## Official Doc

When conditional types act on a generic type, they become distributive when given a union type.

Below is the official example.

``````type ToArray<Type> = Type extends any ? Type[] : never;
``````

`extends` is like a `if clause`, if `Type` is `string`, it would be:

``````type A = string extends any ? string[] : never;
``````

The `any` here is nothing special, we can use `unknown` or `{}` or `Object` as well to make it truthy.

``````type StrArrOrNumArr = ToArray<string | number>;
// string[] | number[]
``````

At first sight, above result might better be `Array<string | number>`, but becaue Conditional Type is Distributive, it works more like below

``````ToArray<A | B | C> = ToArray<A> | ToArray<B> | ToArray<C>;
``````

Above is what it means by Distributivity.

## More examples

I’ve put a playground to show how it works.

``````type StringNumber = string | number;
type B2 = StringNumber extends any ? StringNumber[] : never;
//   StringNumber[]
``````

Distributivity only works on generics. Above conditional type is not distributive.
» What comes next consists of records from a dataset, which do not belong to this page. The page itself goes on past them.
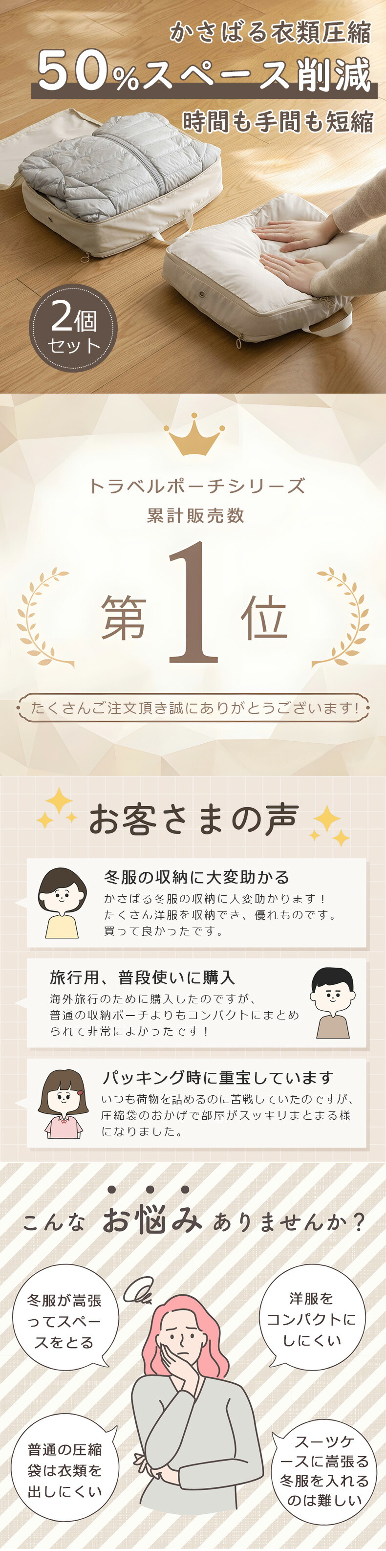 圧縮袋 トラベルポーチ コンパクト 収納ポーチ バッグインバッグ 水洗い可 仕切り ファスナー 旅行用圧縮袋 snb02
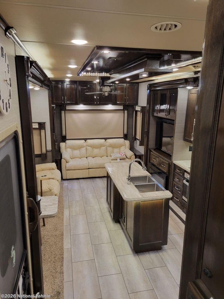 Step inside to an expansive four-slide layout that blends open-concept comfort with refined finishes. The rear living area features power theater seating, a sofa sleeper, electric fireplace, and large HDTV, creating a cozy retreat for relaxation or entertaining. The gourmet kitchen showcases solid-surface countertops, a residential stainless-steel refrigerator, induction cooktop, convection microwave, dishwasher, and a spacious kitchen island with deep storage and a farmhouse sink?making every meal a joy to prepare.
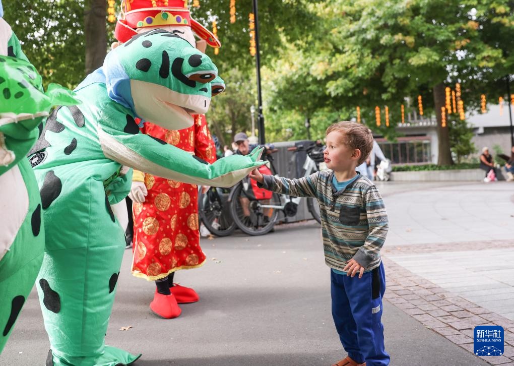 2月7日,小朋友在新西兰克赖斯特彻奇新春嘉年华活动上与青蛙人偶互动。

``````type ToStringArray<Type> = Type extends string ? Type[] : never;
type B3 = ToStringArray<StringNumber>;
// string[]
``````

Above generic is distributive, so B3 is `ToStringArray<string> | ToStringArray<number>`, `ToStringArray<string> | never` so `string[]`.

``````type MyExclude<T, E> = T extends E ? never : T;
type C1 = MyExclude<string | number, number>;
//   string
``````

Now we can understand why `Exclude<T>` could be written with `extends`, because it is distributive.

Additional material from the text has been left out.